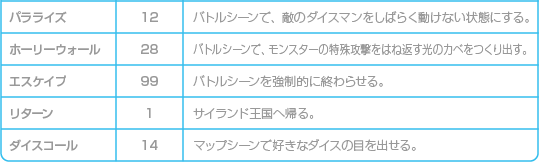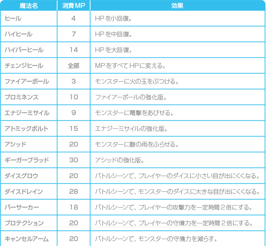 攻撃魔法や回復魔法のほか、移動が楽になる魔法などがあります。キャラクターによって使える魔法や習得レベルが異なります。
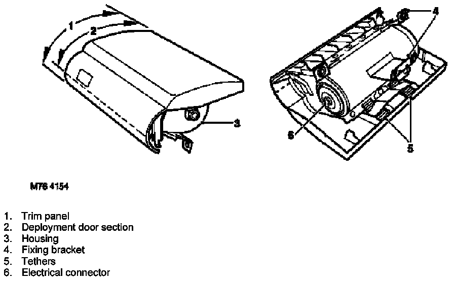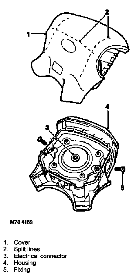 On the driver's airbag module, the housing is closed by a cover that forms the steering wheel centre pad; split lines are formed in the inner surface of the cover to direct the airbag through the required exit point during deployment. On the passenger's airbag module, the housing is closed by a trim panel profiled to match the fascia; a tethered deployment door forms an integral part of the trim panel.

* * *

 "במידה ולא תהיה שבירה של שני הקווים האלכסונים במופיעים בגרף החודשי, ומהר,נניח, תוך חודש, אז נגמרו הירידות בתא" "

* * *

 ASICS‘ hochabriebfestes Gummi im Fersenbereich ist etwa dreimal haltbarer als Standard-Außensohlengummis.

(Task directions)
In the listing above, the required lines run from the line with "攻撃魔法や回復魔法のほか、移" through the line with "On the driver's". Output exactly those lines, omitting pictures.

(Response box)
 攻撃魔法や回復魔法のほか、移動が楽になる魔法などがあります。キャラクターによって使える魔法や習得レベルが異なります。
 On the driver's airbag module, the housing is closed by a cover that forms the steering wheel centre pad; split lines are formed in the inner surface of the cover to direct the airbag through the required exit point during deployment. On the passenger's airbag module, the housing is closed by a trim panel profiled to match the fascia; a tethered deployment door forms an integral part of the trim panel.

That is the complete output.